Scheduled for production in 2019, Aurora, as defined today, would be the most powerful supercomputer in the world. Yet Gara says “Aurora is not a final destination for Intel. It’s a very important step in a journey that’s much longer for us, an exciting beginning of a new future. It’s a new turning point, the first introduction of some of the new concepts that we envision for the incredible insights this new scalable system design is going to enable.”
“As we look where system design is going, we know that the challenges of cost, power, and integration of these new technologies into a coherent, usable form factor results in an ever-increasing need to bring more functionality into silicon,” says Gara. “We integrate now onto a single chip what used to be a roomful of electronics.
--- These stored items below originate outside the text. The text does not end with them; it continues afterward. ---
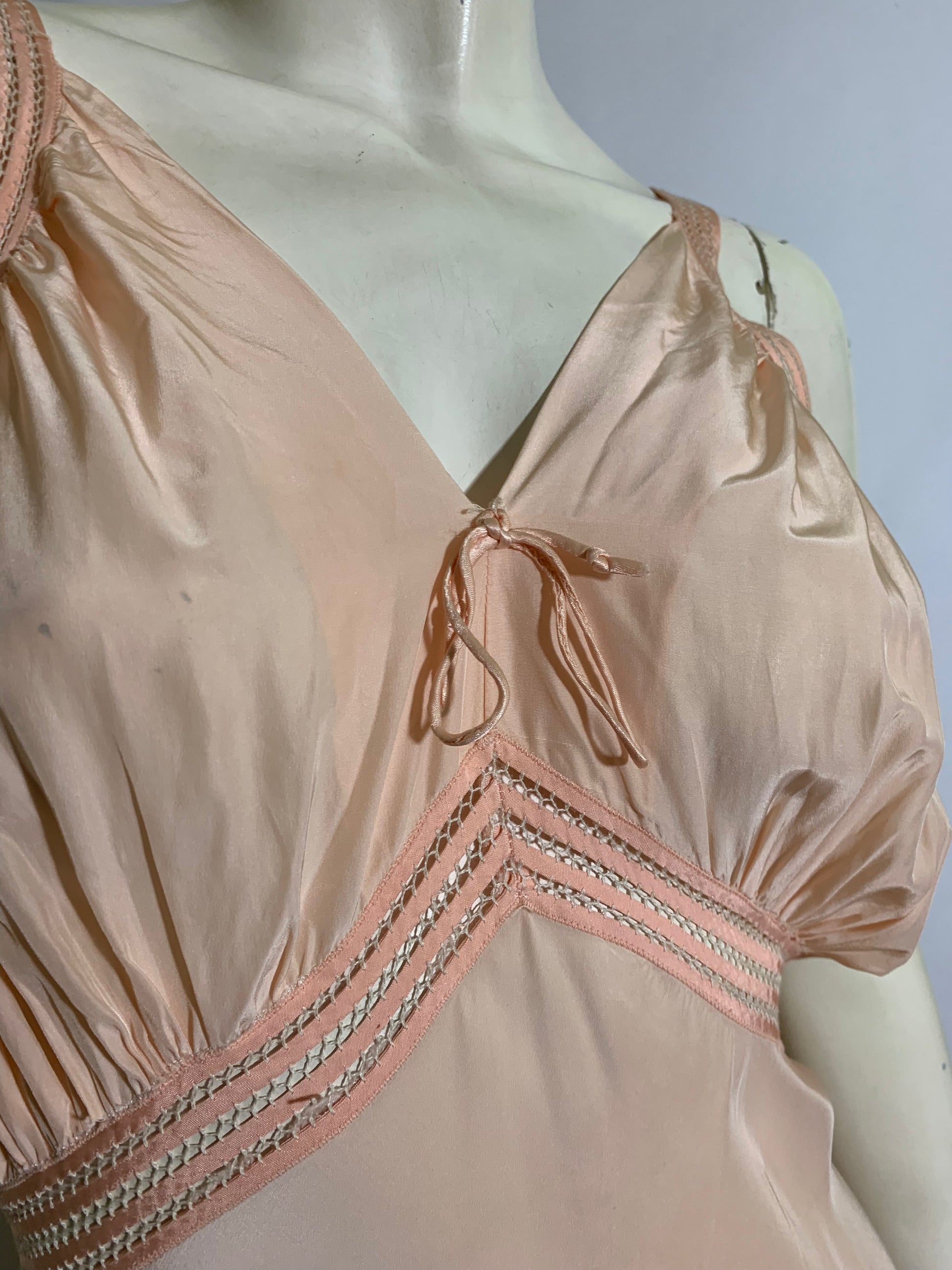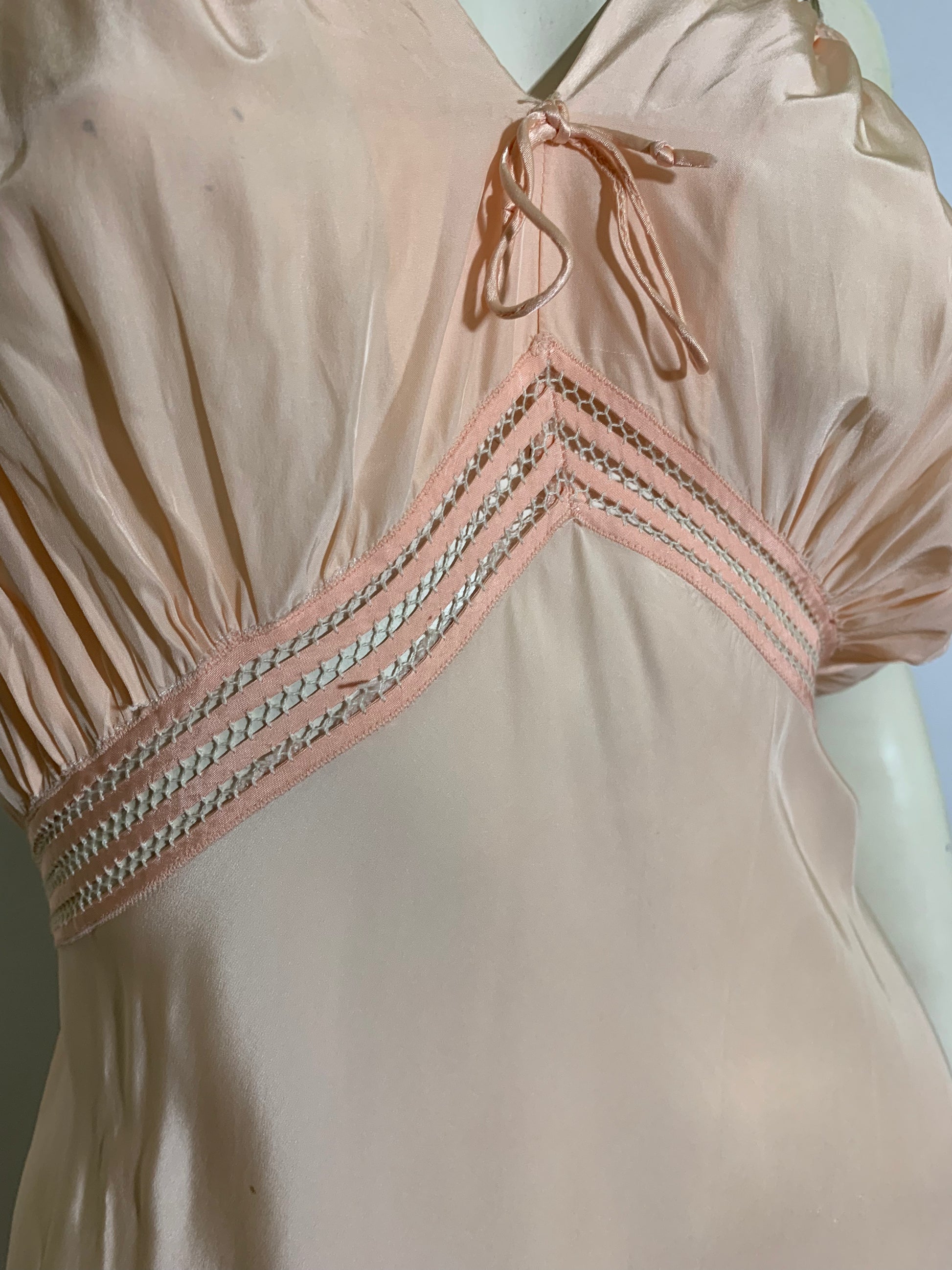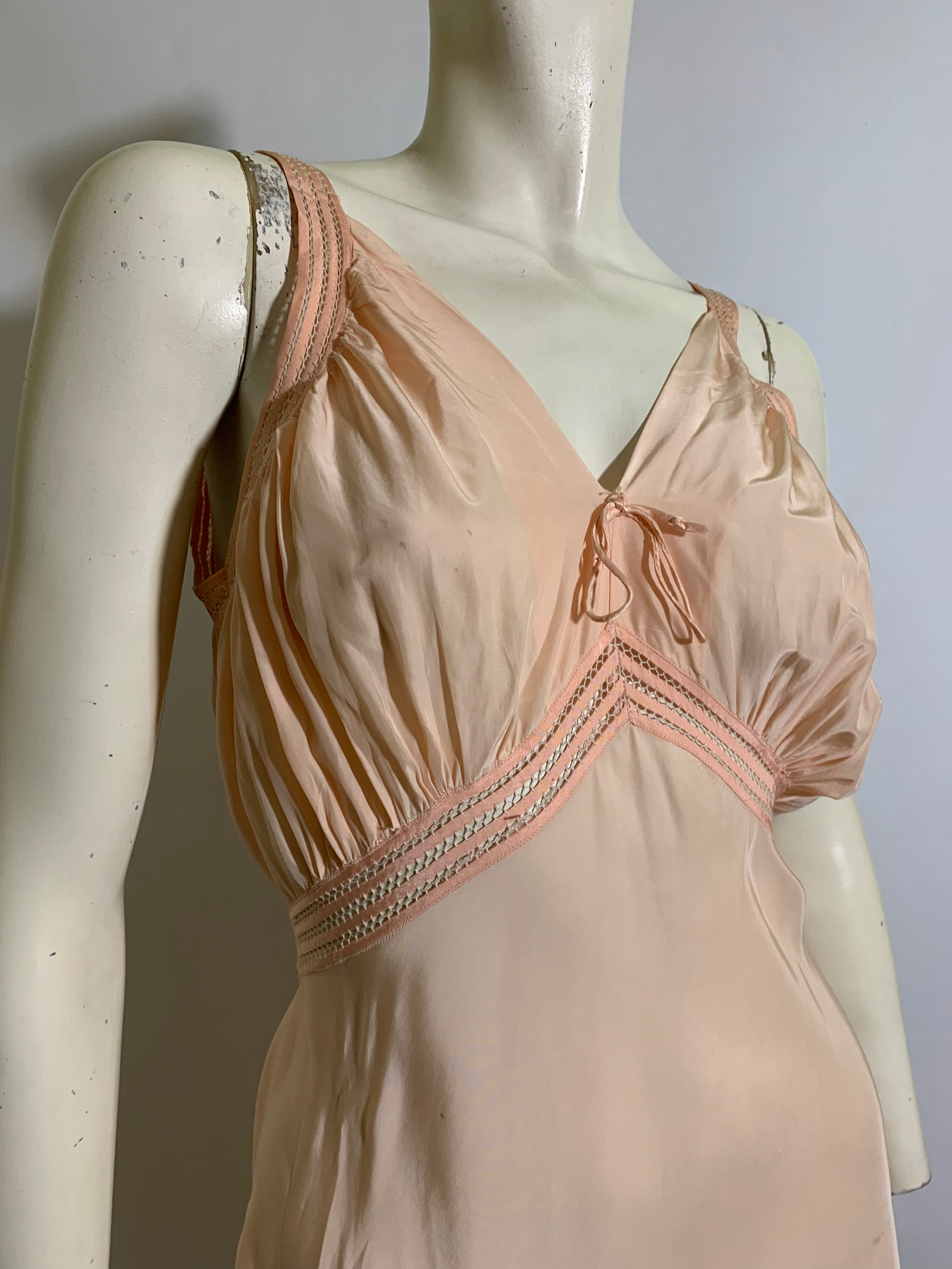 Lovely peach silk 1930s bias cut nightgown with faggoted trim, bow at deep neckline. By Miss New Yorker. No flaws.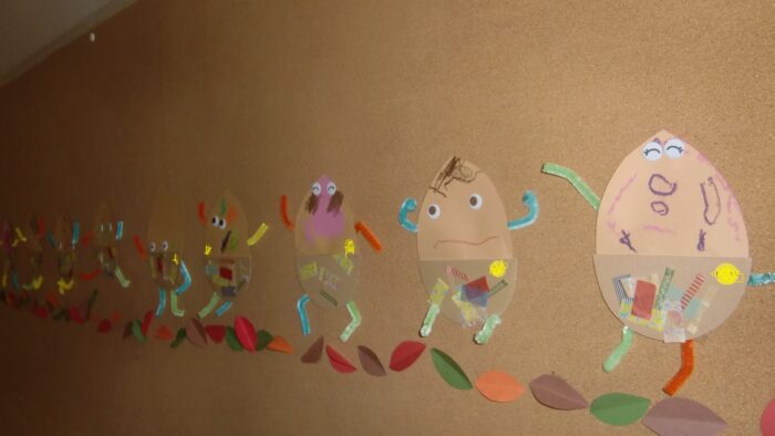 みんなの作ったドングリを並べて貼ったら、遠足しているみたいなりました。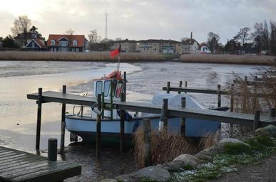 Keywords: boat winter view beach lake village sea water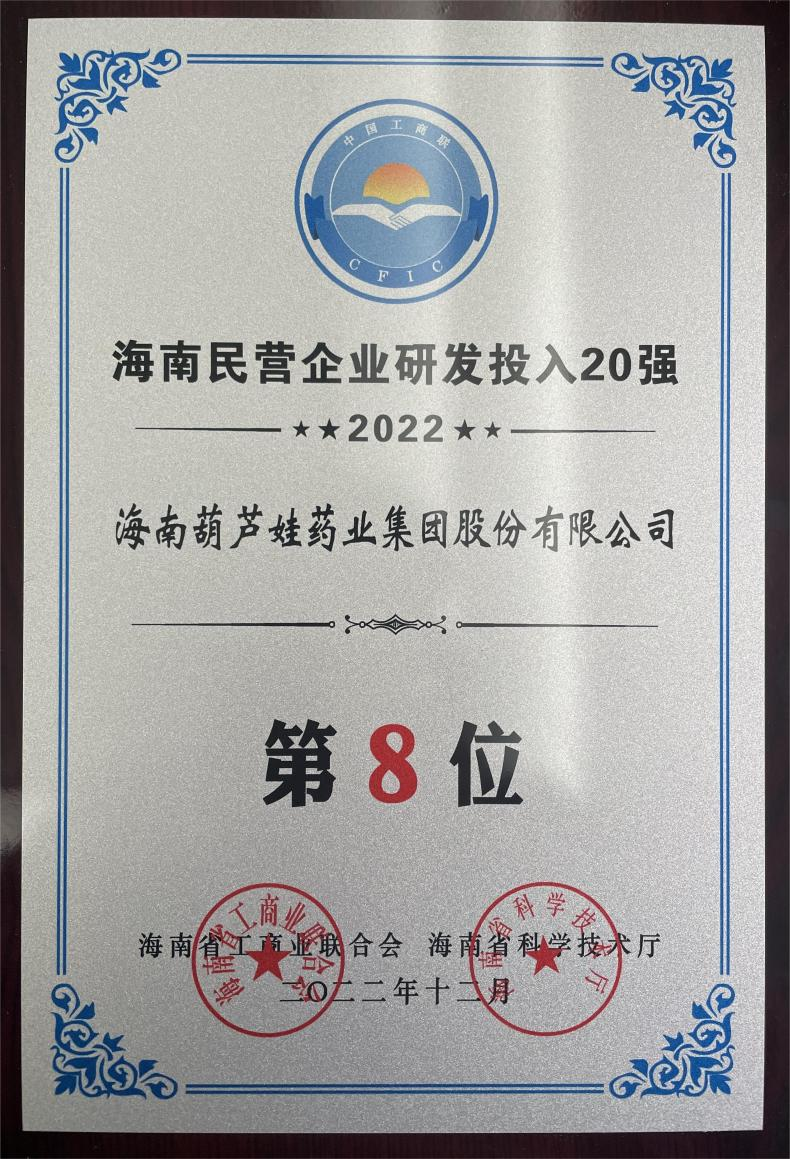 12月23日,2022海南民营企业50强和研发投入20强发布会在海口举行。会上发布了“2022海南民营企业50强”“2022海南民营企业研发投入20强”榜单和分析报告。97国际药业再次荣登两榜,在海南民营企业50强榜单中位列第25位,较去年上升8位,这也是公司连续三年登榜;在海南民营企业研发投入20强中位列第8位,较去年上升7位。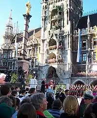قبيل أول ظهور له من شرفة كاتدرائية القديس بطرس بعد أن أصبح البابا،[43][44] أعلن جورج استيفيس، الكاردينال المسؤول عن الاحتفالات والتشريفات في الفاتيكان عن انتخاب “الحبر الأعظم”، وحيّا الحشود في ساحة القديس بطرس باللغات الإنجليزية والفرنسية والإيطالية والإسبانية والألمانية قبل الشروع وفق تقليد الكنيسة الكاثوليكية باللغة اللاتينية بقراءة مرسوم انتخاب البابا المعروف تقليديًا باسم Papam Habemus والتي تعني في اللغة العربية: أصبح لدينا بابا.[45]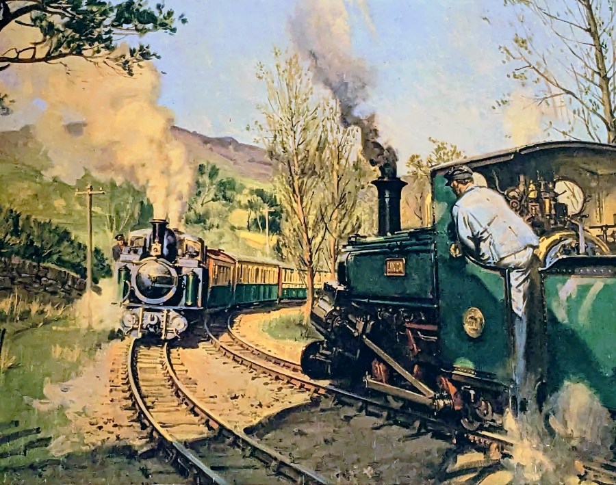 Outside the weather was being very inclement. Inside the close-fitting carriages our party of four nattered our way up a mountain and back down again. The mechanics of our conversation lubricated by indifferent coffee and glimpses of spectacular and historic landscapes. The waiting room at our destination showed an image of the same journey made in a sunnier moment.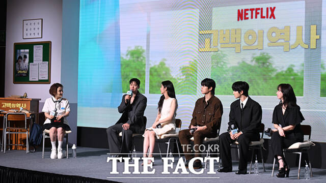 [더팩트ㅣ이새롬 기자] 배우 공명과 신은수, 남궁선 감독, 차우민, 윤상현(왼쪽부터)이 25일 서울 마포구 호텔 나루 서울 엠갤러리에서 열린 넷플릭스 영화 '고백의 역사' 제작발표회에 참석해 포즈를 취하고 있다.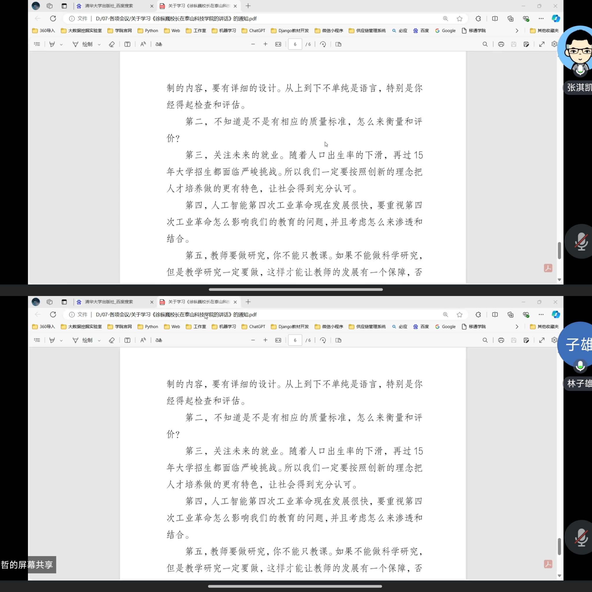 随后老师们也积极分享了自己的学习感悟,罗稚琪、李倩、林子雄、张淇凯等四位老师分别从教育理念的创新、教育特色的发展以及个人未来努力的方向做了交流发言。老师们都认识到教育的全面性、前瞻性,以及在人工智能时代下教育方法的调整,承诺将讲话精神融入日常教育工作,通过具体行动促进学生的全面发展,提升教育质量,培养适应未来社会需求的优秀人才。

That really is the key direction we’re moving toward, the common thread for how we will continue to advance supercomputing.”
Silicon integration not only improves performance, it reduces power usage, a critical requirement. “We’ve been improving supercomputing performance almost 2X every year, so supercomputers are approximately 1,000 times faster than they were 10 years ago. At that rate, if we didn’t improve power efficiency, we would have computers that took a thousand times more power than today. So energy efficiency is enormously important.”
A critical aspect of Gara’s task has been to integrate new technologies, including disruptive technologies, in a way that doesn’t result in a disruptive experience for the user. “We integrate these technologies so users have a comfortable, familiar feel. We seek a balance between allowing users a transitional path from where they are now to where we’re going, including application and performance portability.”
Providing a comfortable user experience within the revolutionary gains is yet another critical area of guidance that Argonne brings to this collaboration alongside Intel and Cray.
“We’re changing the architectural trajectory so we absolutely must work closely with an organization that wants to use such new systems to give them the confidence they will achieve their productivity, competitive, economic and scientific objectives. Argonne has been instrumental in working closely with Intel and Cray at a collaborative design level bringing an approach to innovation that will meet the needs of their users. Working closely with Argonne in this collaborative fashion will help us make sure the trajectory ends up in the right place to enable their science applications from day one.”
“We regard Aurora as a turning point – and not just for HPC and technical computing. The highly scalable system level design that we envision will truly be a living foundation with the capacity to evolve and grow, scaling from the world’s largest supercomputers down to small and mid-size systems. This has important, long-term implications for all of computing.”